Feasibility of a Wireless Thermal Capsule Endoscopy to Detect Gastrointestinal Thermal Variance

Launched by MASSACHUSETTS GENERAL HOSPITAL · Jun 13, 2025

Keywords

ClinConnect Summary

This clinical trial is studying a new, small device called a wireless thermal capsule, which is swallowed like a pill. This capsule travels through the digestive system and measures temperature changes inside the gastrointestinal (GI) tract, which includes the stomach and intestines. The goal is to see if this device can help detect conditions like Crohn’s Disease, a type of inflammatory bowel disease that affects the digestive tract.

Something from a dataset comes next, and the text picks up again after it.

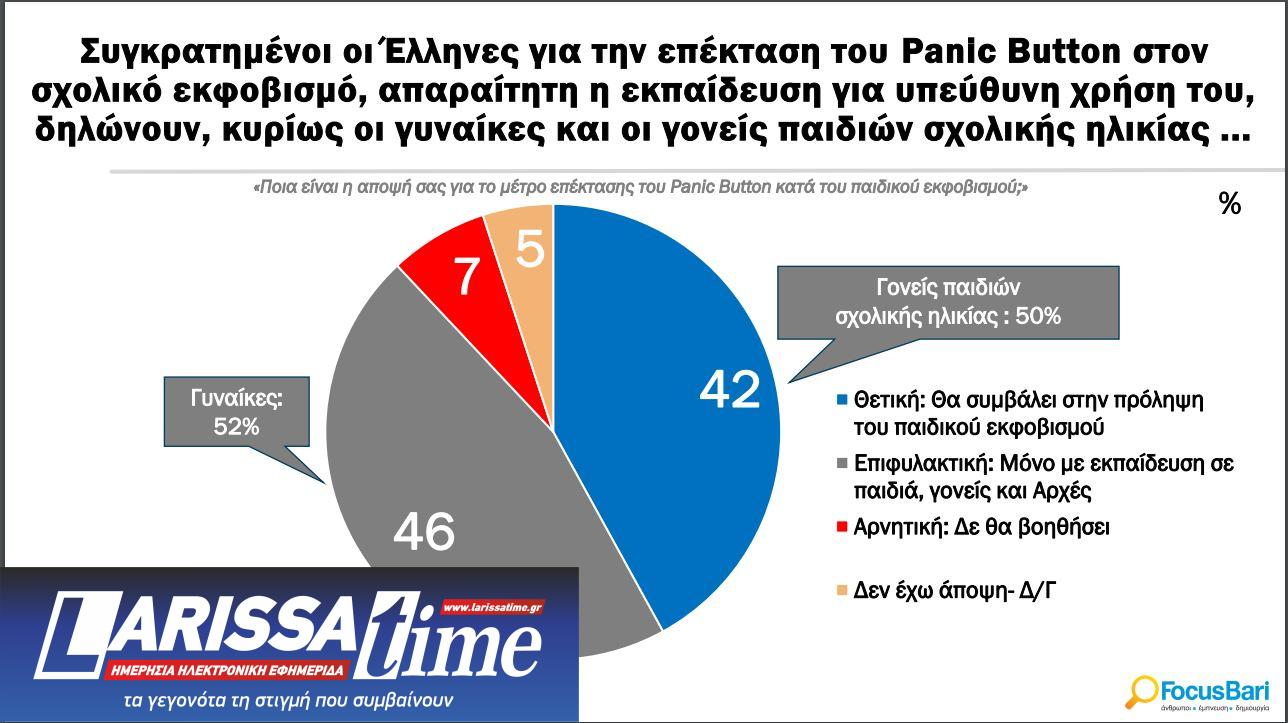 Πάντως ένα σημαντικό ποσοστό 42% – ιδίως γονείς – βλέπει θετικά την επέκταση του «κουμπιού πανικού» για ανηλίκους ως μέτρο κατά του παιδικού εκφοβισμού.

Adults between 18 and 75 years old who are generally healthy and can follow specific instructions about fasting and bowel preparation may be eligible to join. Participants will swallow the capsule and allow it to pass naturally while the device collects temperature data. It’s important to note that people with certain health issues—such as swallowing problems, bowel blockages, or heart conditions—are not eligible. This study is still recruiting volunteers, and those interested should be able to give informed consent and follow the study’s guidelines. The trial is designed to be safe and aims to learn if this new technology can improve how digestive diseases are detected in the future.

Gender

ALL

Eligibility criteria

• Inclusion Criteria:
• • Subject is 18 -75 years old
• • Subject is considered healthy, with no known illnesses
• • Subject can follow fasting requirements
• • Subject can follow bowel prep instructions
• • Subject can provide informed consent
• Exclusion Criteria:
• • Subject is older than 75 years of age
• • Subject with current dysphagia or any swallowing disorder
• • Subject with any current condition believed to have an increased risk of capsule retention such as gastrointestinal strictures, intestinal tumors, bowel obstruction, incomplete colonoscopies or fistula
• • Subject with a diagnosis of gastroparesis or small bowel or large bowel dysmotility
• • Subject with a history of inflammatory bowel disease (IBD), intestinal Crohn's disease, chronic constipation, or rectal bleeding
• • Subject with clinical evidence of renal disease, including clinically significant laboratory abnormalities of renal function within the past 6 months
• • Subject with chronic usage of nonsteroidal anti-inflammatory drugs (NSAIDs)
• • Subjects with a known contradiction to metoclopramide
• • Subjects with a known contraindication to polyethylene glycol
• • Subject with currently suspected or diagnosed with hematochezia, melena, iron deficiency with or without anemia
• • Subject who has had intestinal surgery in the past
• • Subject with a history of congestive heart failure
• • Subject with Type I or Type II Diabetes
• • Subject has a cardiac pacemaker or other implanted electromedical device.
• • Subject expected to undergo MRI examination within 7 days after ingestion of the capsule.
• • Subject has participated in an investigational drug or device research study within 30 days of enrollment that may interfere with the subject's safety or ability to participate in this study
• • Subject with delayed gastric emptying
• • Subject who is pregnant, suspected pregnant, or is actively breast-feeding.